Let's compute the volume of $g_r$. We can do this using a A version of Fubini's theorem. Namely, we find that the metric on the fiber $S^{k-1}$ is $\sin^2 r \cos^2 r$ times the round metric. This has volume $(\sin^2 r \cos^2 r)^{k-1}\cdot vol(S^{k-1}(1))$, where $S^{k-1}(1)$ refers to the round sphere of radius $1$. The base is a $\mathbb{K}P^{n-1}$ of diameter $\sin^2(r)/2$, so it has volume $(\sin^2(r)/2)^{k(n-1)}\cdot Vol(\mathbb{K}P^{n-1}(1)$, where $\mathbb{K}P^{n-1}(1)$ indicates the metric is scaled to have minimum curvature $1$.
So, up to multiplicative constant (which doesn't affect the location of extrema), we find $$f(r):=Vol(S_r(p)) = (\sin^2 r \cos^2 r)^{k-1} \cdot (\sin^2(r))^{k(n-1)} = \sin^{2(kn-1)}(x)\cos^{2(k-1)}(x).$$
From here, computing a derivative $f'(r)$ is straight forward. We get $$f'(r) = 2\cos^{2(k-1)-1}(x) \sin^{2(kn-1)}(x)\Big((kn-1)\cos^2(x) - (k-1)\sin^2(x)\Big).$$
On the interval $(0,\pi/2)$ (which is the relevant interval for $r$ since we've normalized minimum curvature to $1$), $\sin(r)$ and $\cos(r)$ are both non-zero. So, $f'(r)$ vanishes only when the factor in parenthesis vanishes. This factor is $0$ iff $\tan^2(r) = \frac{kn-1}{k-1}$. Since $\tan^2:(0,\pi/2)\rightarrow (0,\infty)$ is a bijection, there is precisely one $r$ which solves this equation. Thus, $f$ has a unique critical point on $(0,\pi/2)$.
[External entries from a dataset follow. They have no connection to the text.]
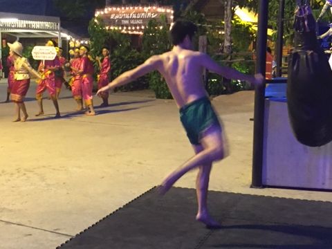 大きな遊園地で、子供達のゲームやお土産屋さんが並ぶ中をどんどん進むと、とっても大きな象の宮殿のような外壁。中に入れるとは思わず、凄い外壁だな〜と思いながら、ディナー会場へ。ワインのボトルを頼むと、空中バーへタイの民族衣装を纏った美女がロープで天井へ行き、ワインボトルを取ってきました。驚きでした。食事が終えて、外でにショーを見てから、本会場に。なんと先程に外壁の中へ入ることが出来ました。大きな会場で、象のショーやマジック、更には民族の生活などの演芸などなどてんこ盛り。ちょっと残念なことは、ショーの開始時間が9時なので、子供達は寝てしまいました。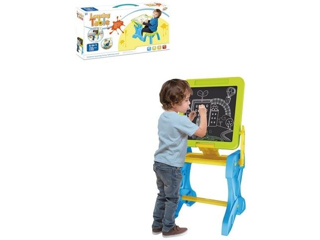 Tabule na malování se stojanem. Kreslící tabule je skvělou hračkou při první nauce psaní, kreslení a rozpoznávání písmenek. Jedna strana tabule slouží pro psaní křídou, druhá strana slouží pro psaní a kreslení fixem. Ve spodní části tabule je umístěn praktický kontejner na příslušenství. Tabule je vyrobena z kvalitního plastu bez ostrých hran. Rozměr: 40 x 37 x 75 cmMateriál hračky je plast. Doporučený věk: 3 +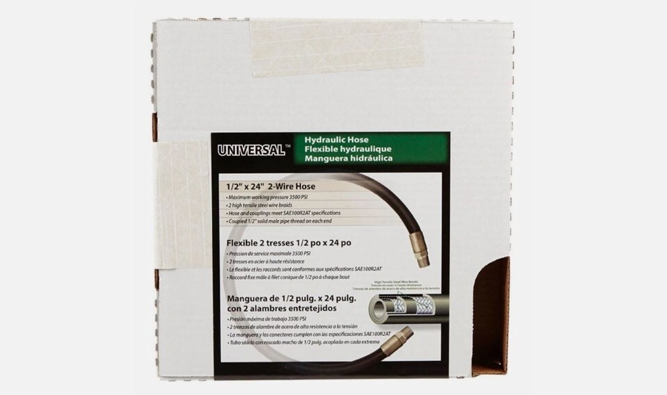Assemblies meet SAE 100R2AT standards. They are coiled and sleeved for easy storage and are labeled with size and specification for easy identification.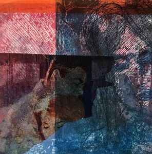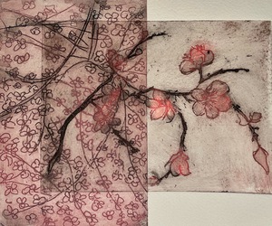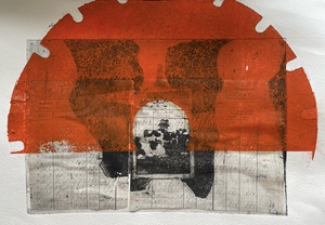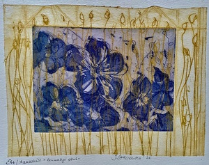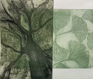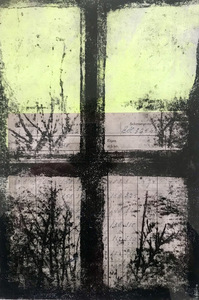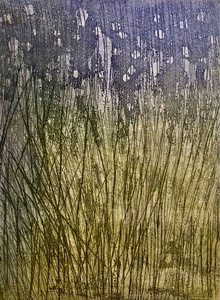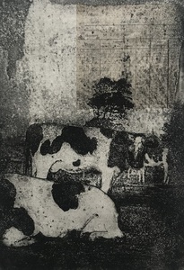 2023Ets aquatint, sjabloondruk, Chine collé, gedrukt opporde melklijst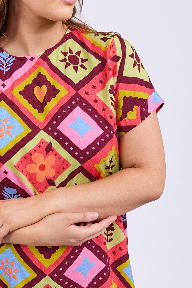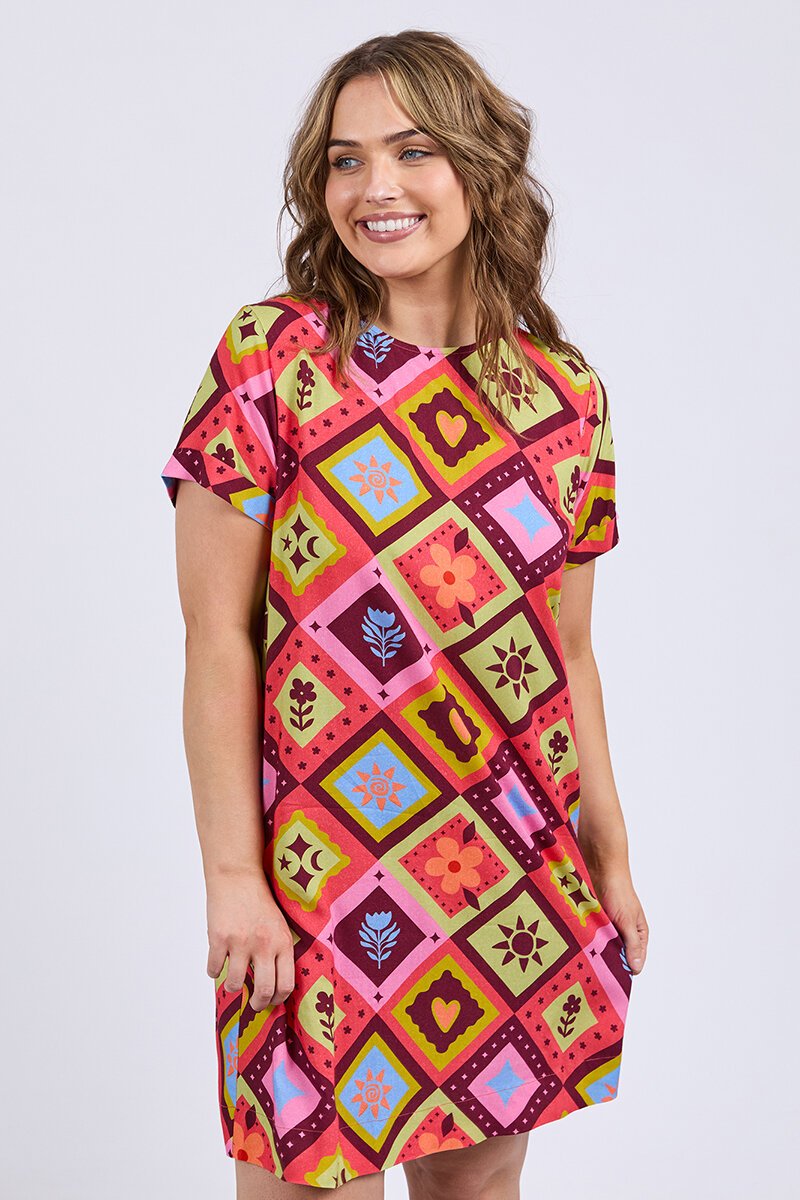 Bright, bold, and made for fun days — the Elm Rhode Dress is all about easy wear with big personality. The relaxed tee silhouette keeps things comfy, while that playful print brings instant summer energy to your look.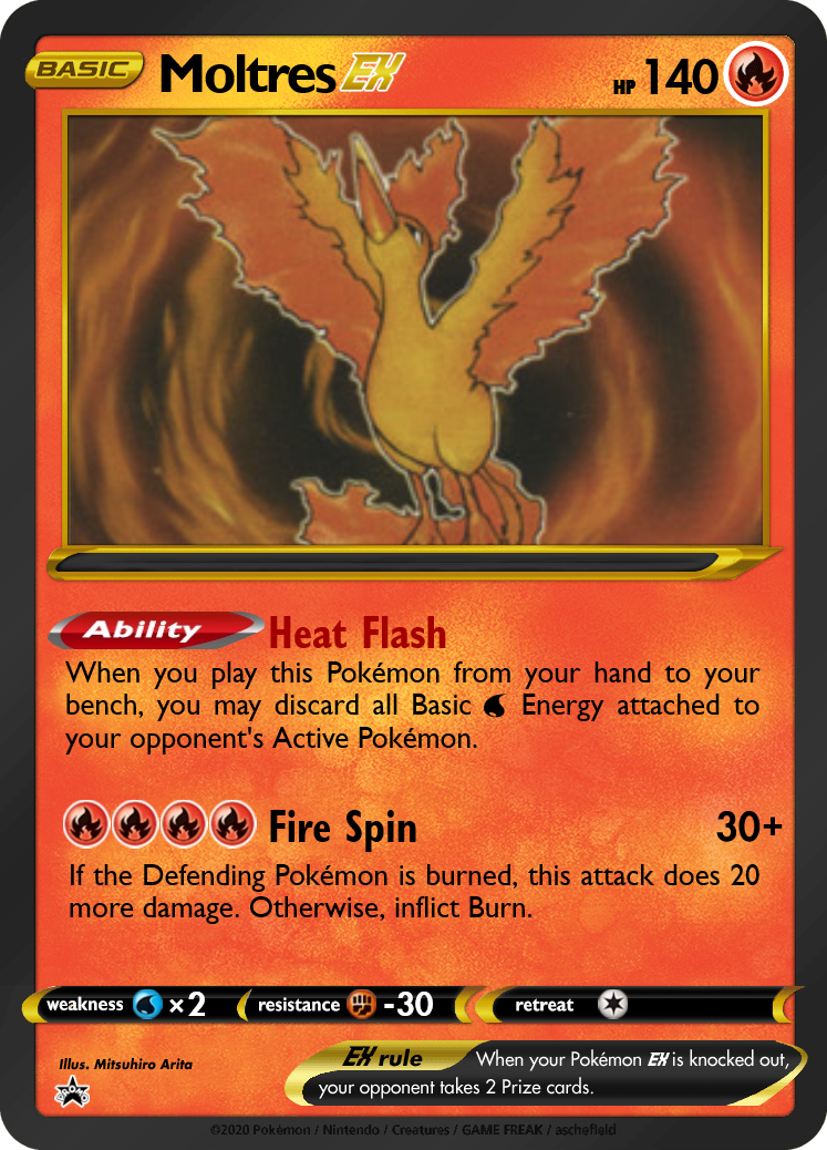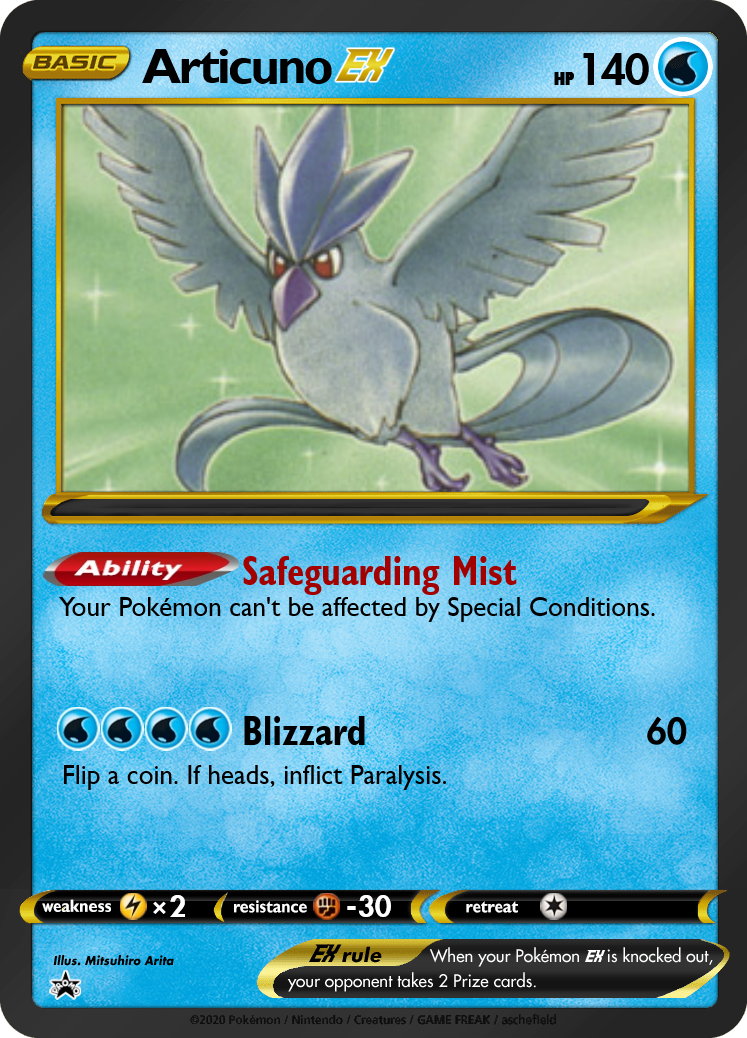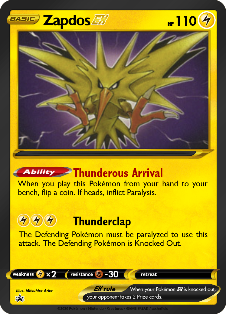 My initial draft also gave all 3 birds a 2-cost attack that dealt 20 damage + 10 to all benched Pokémon. However, as I thought about the role I wanted these cards to play, giving them a generic value attack felt wrong. We want to make sure Big Basics don't dwarf everything else in the format, yet at the same time, Legendary Pokémon rightfully should have a big impact.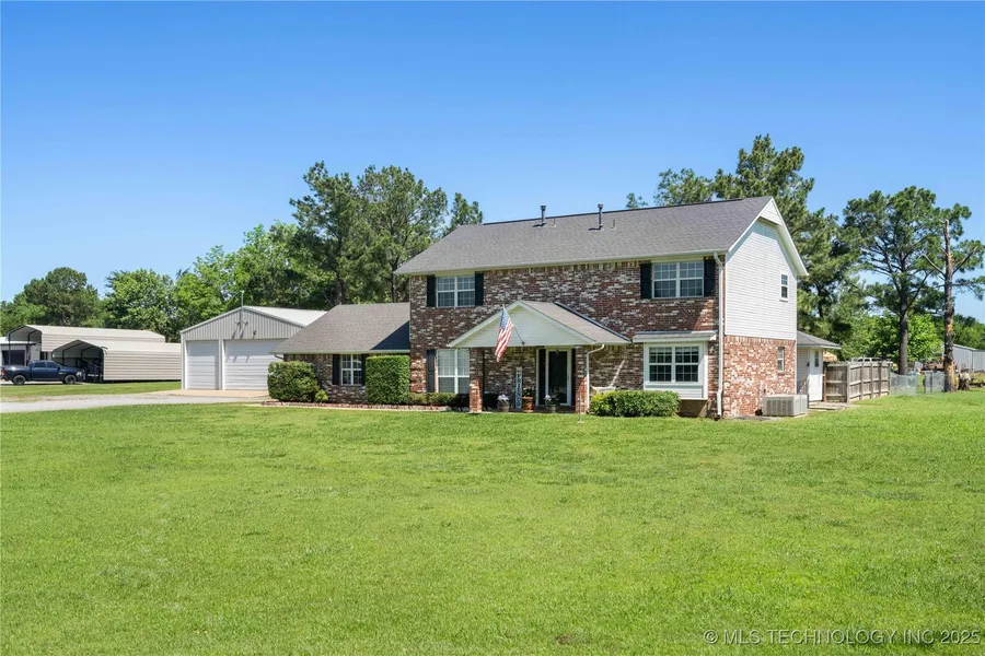 Discover the perfect blend of peaceful country living and convenient city access with this beautiful 2.5-story, 4-bedroom, 3.5-bath home situated on 2.5 acres. From the moment you arrive, youll be captivated by the inviting character of this unique property. Step inside to a spacious open-concept kitchen featuring granite countertops, dual pantries, and a seamless flow into the dining and living areasideal for entertaining or cozy family nights. The elegant spiral staircase adds a touch of charm and architectural interest as you enter the home.The main-level primary suite offers comfort and privacy, complete with a window seat, walk-in closet, and an en-suite bath featuring a granite-topped vanity and a tub/shower combo. A convenient half bath on the main floor is perfect for guests. Upstairs, youll find two generously sized bedrooms. One could serve as a second primary suite, with its own private bath, dual sinks, and two closets with one being a walk-in. The third bedroom shares a Jack-and-Jill bath with a home office which could also function as a fourth bedroom, enhanced by built-in shelves and access to a private upstairs deck.Step outside to your personal backyard retreat. A spacious deck leads down to a stunning 20x40 in-ground pool, complete with a tiki barperfect for summer gatherings with family and friends.Additional features include:A 30x32 detached garage/shop, ideal for boat or vehicle storage, or extra space for your hobbies and gearA covered front porch, perfect for enjoying morning coffee or evening sunsetsA separate single-car garage with drive-through doors, located on the east side of the propertyA serene, well-sized pond offering a peaceful natural settingDont miss this rare opportunity to enjoy country living with all the modern amenities and space you needjust a short drive from town!

Of course, critical points don't have to be extrema, but let's verify that they are in this case. The function $f$, viewed as a map on $[0,\pi/2]$ vanishes on both end points and is obviously positive in the interior. Thus, it must achieve its absolute max on some interior point, which must therefore be a critical point. Since there is only one critical point, this must be an extrema of $f$.